- Try it -
Would you please write out only the lines running from the top of the listing through the one holding "Tourner légèrement à", exactly, with both ends kept and pictures left out?

- Input -
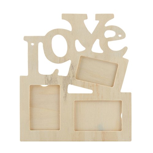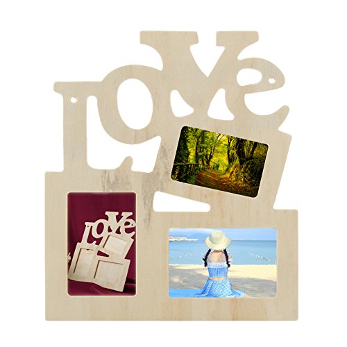 Cornice portafoto 3 in 1 con scritta in inglese "Love Wood", in legno, per foto fai da te, decorazione artistica e collage
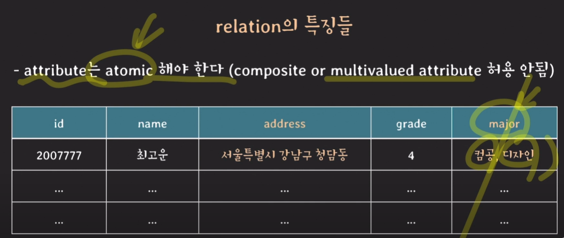 - attribute는 atomic해야 한다 (composite or multivalued attribute 허용 안됨)
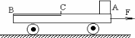 如图所示,光滑水平地面上停着一辆平板车,其质量为2 m,长为L,车右端(A点)有一块静止的质量为m的小金属块.金属块与车间有摩擦,与中点C为界, AC段与CB段摩擦因数不同.现给车施加一个向右的水平恒力,使车向右运动,同时金属块在车上开始滑动,当金属块滑到中点C时,即撤去这个力.已知撤去力的瞬间,金属块的速度为v0,车的速度为2v0,最后金属块恰停在车的左端(B点).如果金属块与车的AC段间的动摩擦因数为μ1,与CB段间的动摩擦因数为μ2,求μ1与μ2的比值.
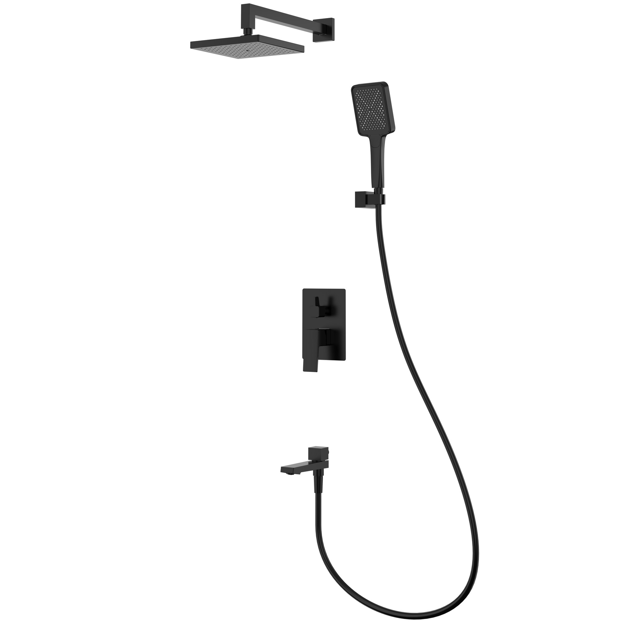 Материал – латунь. Цвет – черный матовый. Керамический картридж 35 мм. Переключатель с керамическими пластинами. Переключатель в изливе. Излив – функция переключения. Душевой шланг 1.8 м. Душевая лейка – 3 режима. Верхний душ – 320x210 мм. Держатель лейки.
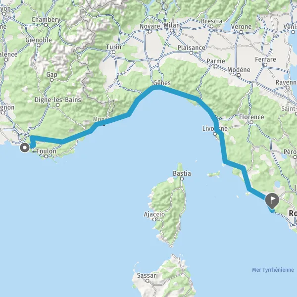 Tourner légèrement à droite sur E80 SS1 SS1 SS1 SS1 Strada 1 Strada 1 Strada 1 Strada 1 (Via Aurelia) et continuer sur 20 kilomètres
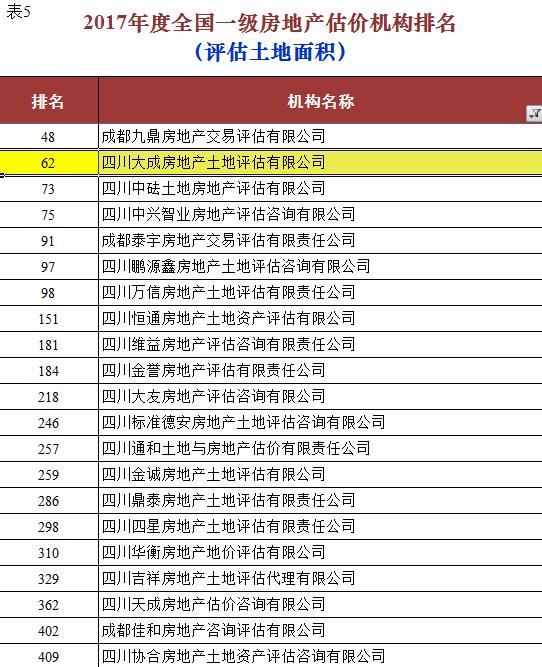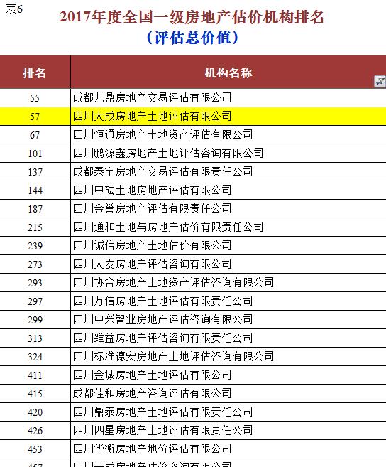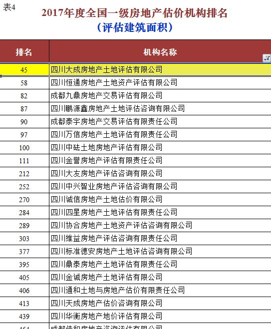 公司獲2017年度全國一級資質(zhì)房地產(chǎn)估價機構(gòu)業(yè)績排名四川三甲
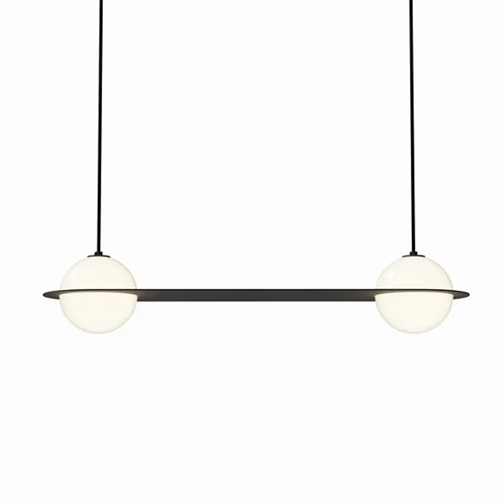 The Laurent 03 Pendant by Lambert & Fils brings design style to your home. A pair of globes composed of fine, hand-blown glass suspends in midair through attachment to an aluminum canopy at your ceiling. A metallic frame surrounds your pendant’s globes, tapering near the globes’ centers, creating a streamlined look. This fixture’s graphic appearance is subtle and takes inspiration from the notion of carving through space. The brightness level of the light produced is easily adjusted when you pair the Laurent 03 Pendant with an ELV dimmer.
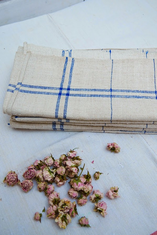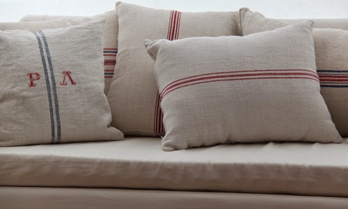 Nos gustan mucho los tejidos naturales de lino antiguo con estampados limpios de rayas en cojines, paños, caminos de mesa...
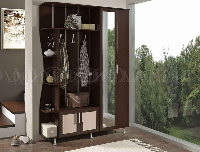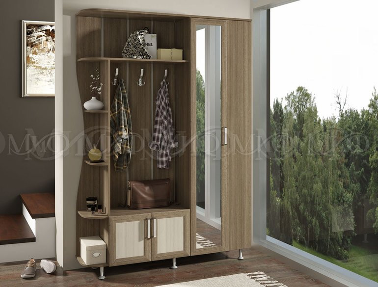 Модульная прихожая в коридор для малогабаритных квартир. Имеет компактные размеры и приятный дизайн. Зеркальная створка зрительно сделает шире узкую прихожую.
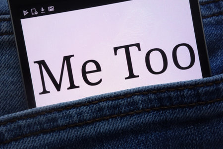 KONSKIE, POLAND - JUNE 11, 2018: Me Too text displayed on smartphone hidden in jeans pocket
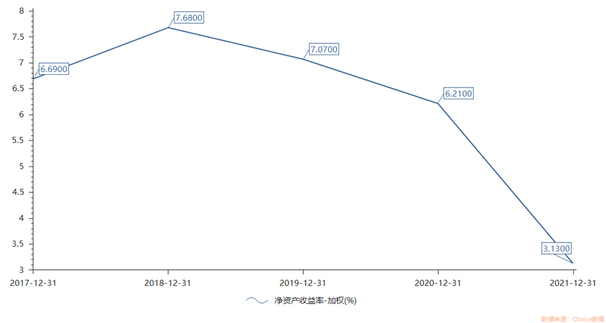 另一方面,ROE最近五年都只有可怜的个位数,2021年创下近5年新低,只有3.13%。
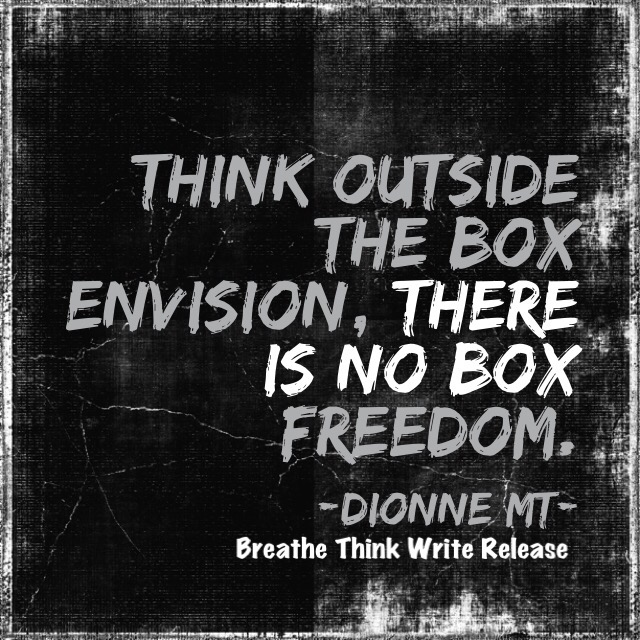 Mindset. March 23, 2016March 23, 2016 ~ Breathe Think Write Release Think about it.. who created this box? The idea in itself is what traps you. There is no box. Breathe Think Write Release Spread The Love Click to share on WhatsApp (Opens in new window) WhatsApp Tweet Click to email a link to a friend (Opens in new window) Email Share on Tumblr Click to share on Reddit (Opens in new window) Reddit More Click to print (Opens in new window) Print PocketLike Loading... Related
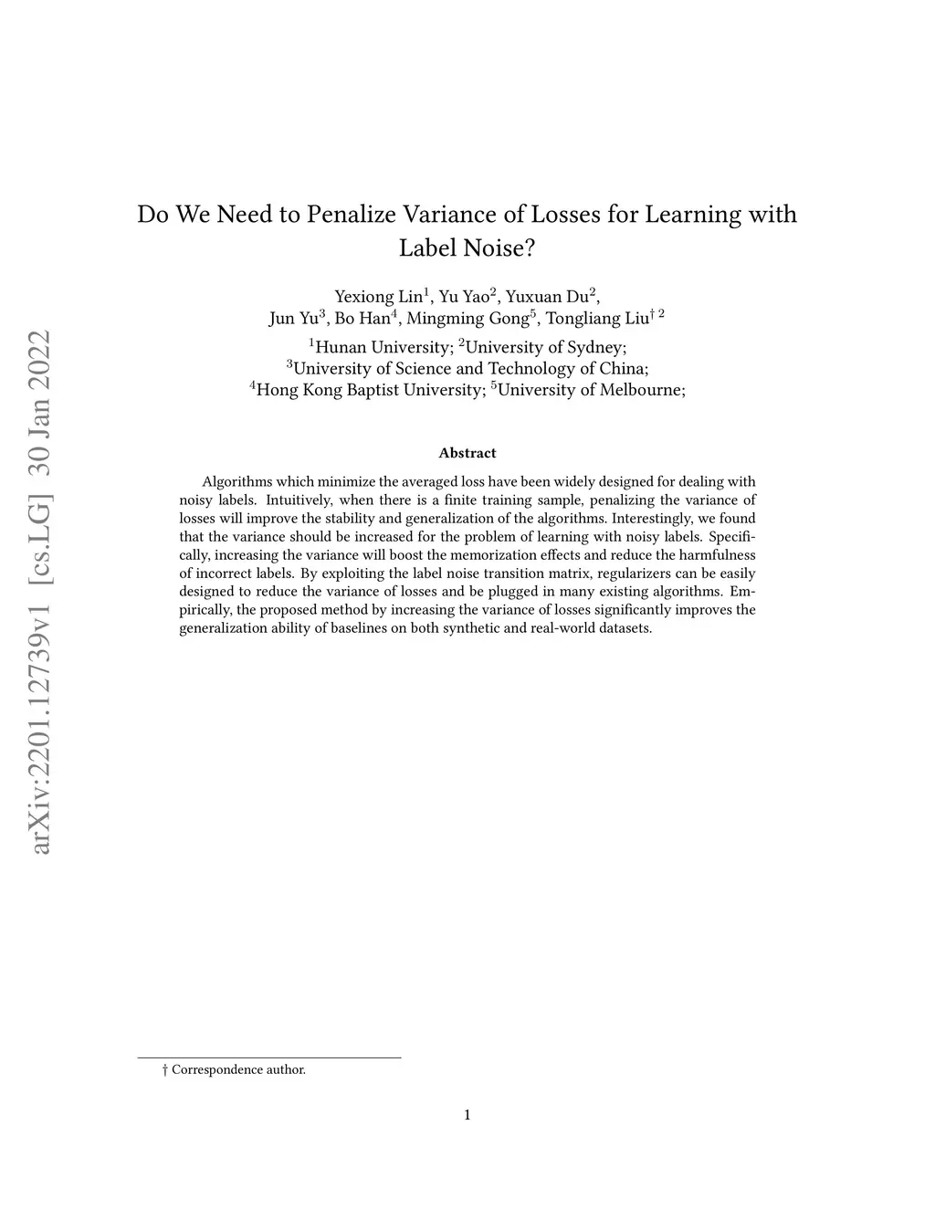 Do We Need to Penalize Variance of Losses for Learning with Label Noise?
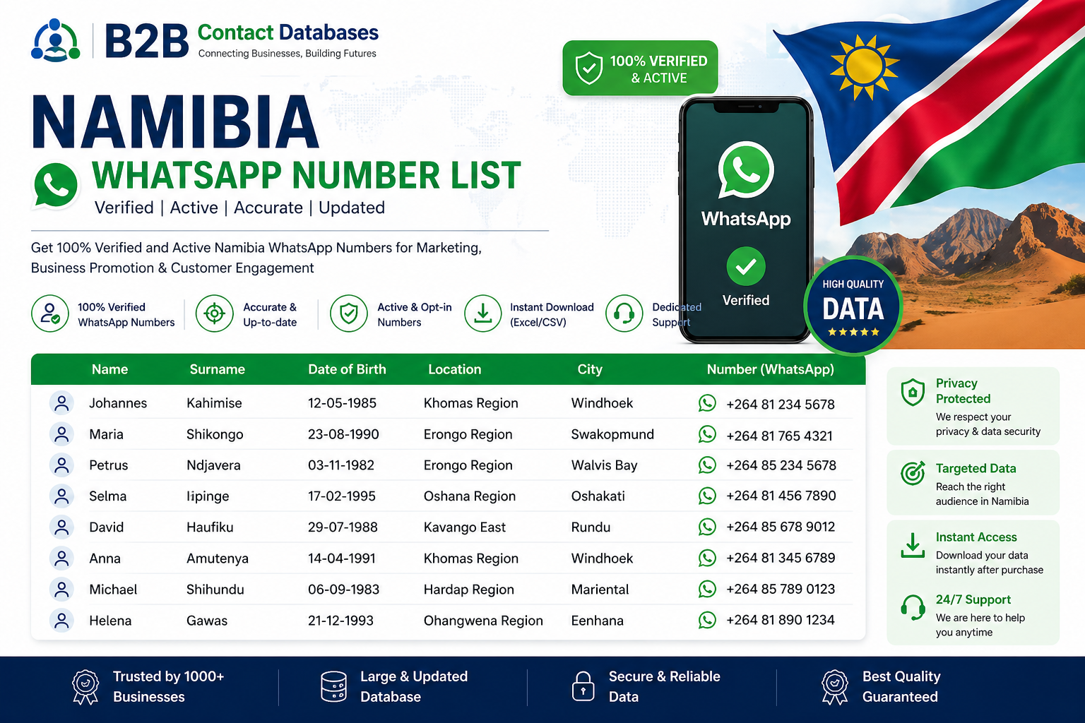 Our Namibia WhatsApp Number List offers:
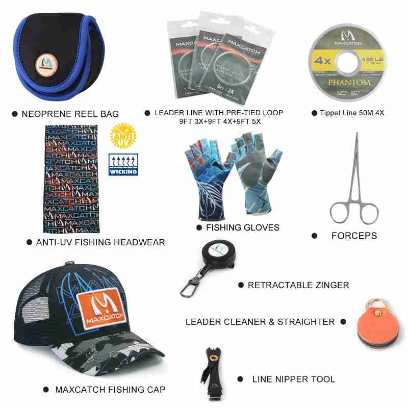Accessories, BOX & ROD BAG – A durable but also convenient travel rod bag with reel pouch to hold everything together. 10 pc hand tied lures packed in a waterproof box. A neoprene reel pouch is included for easy protection of the reel. Also included are the most used tools for anglers including forceps, line cleaner, line nipper with retractor, and fishing cap, anti-uv fishing headwear.
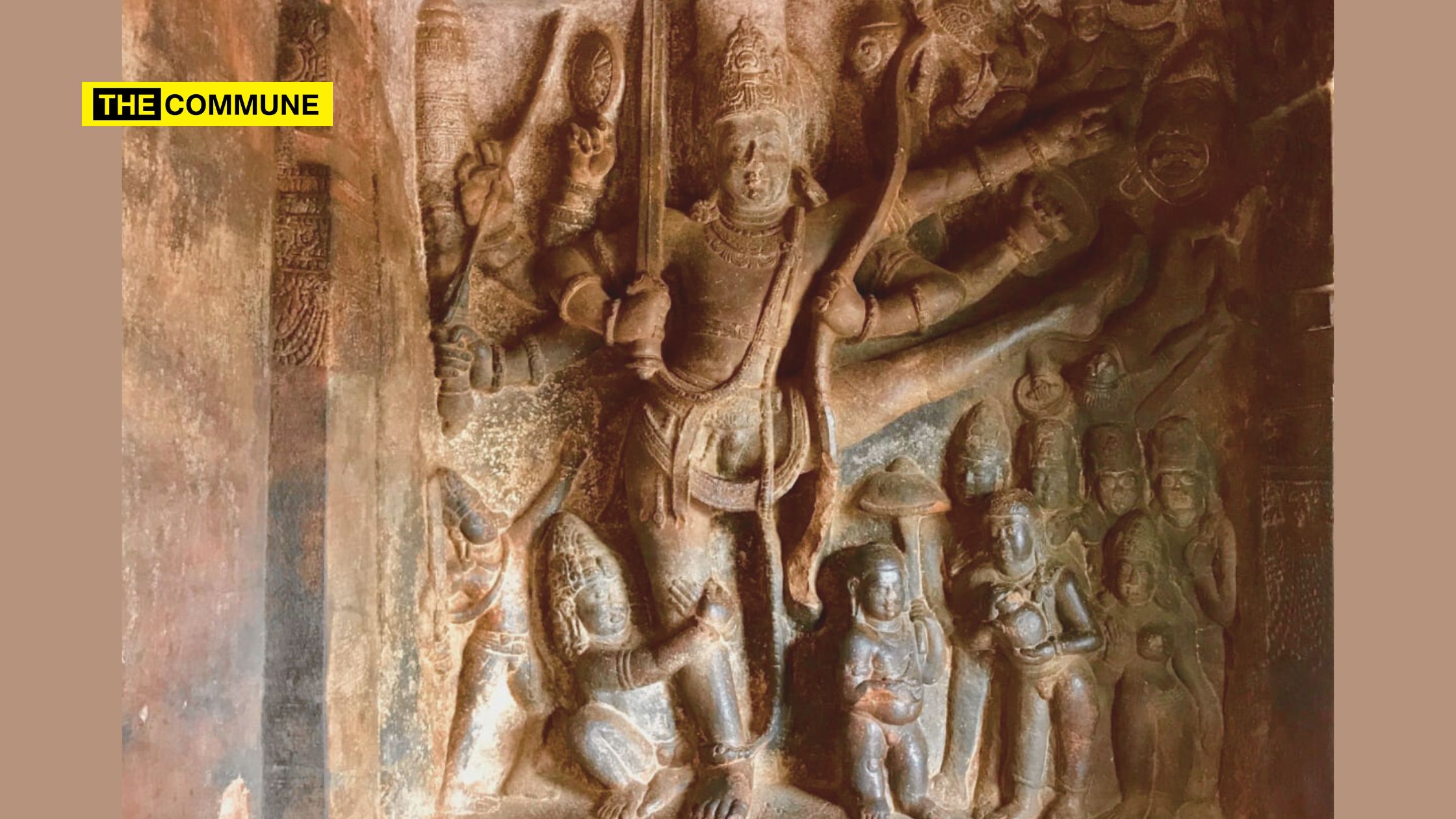 The 8th Century sculpture at cave no. 15 in the Dasavatara cave complex is yet another notable representation of Trivikrama. The typical features of Eight hands, leg raised upto the navel are depicted wheras the sword held sideways along the hip stands out as a unique feature. Similar to the art of Badami, Mahabali and his queen gifting Vamana finds its depiction here too, showing continuity.

- Expected answer -
 Cornice portafoto 3 in 1 con scritta in inglese "Love Wood", in legno, per foto fai da te, decorazione artistica e collage
 - attribute는 atomic해야 한다 (composite or multivalued attribute 허용 안됨)
 如图所示,光滑水平地面上停着一辆平板车,其质量为2 m,长为L,车右端(A点)有一块静止的质量为m的小金属块.金属块与车间有摩擦,与中点C为界, AC段与CB段摩擦因数不同.现给车施加一个向右的水平恒力,使车向右运动,同时金属块在车上开始滑动,当金属块滑到中点C时,即撤去这个力.已知撤去力的瞬间,金属块的速度为v0,车的速度为2v0,最后金属块恰停在车的左端(B点).如果金属块与车的AC段间的动摩擦因数为μ1,与CB段间的动摩擦因数为μ2,求μ1与μ2的比值.
 Материал – латунь. Цвет – черный матовый. Керамический картридж 35 мм. Переключатель с керамическими пластинами. Переключатель в изливе. Излив – функция переключения. Душевой шланг 1.8 м. Душевая лейка – 3 режима. Верхний душ – 320x210 мм. Держатель лейки.
 Tourner légèrement à droite sur E80 SS1 SS1 SS1 SS1 Strada 1 Strada 1 Strada 1 Strada 1 (Via Aurelia) et continuer sur 20 kilomètres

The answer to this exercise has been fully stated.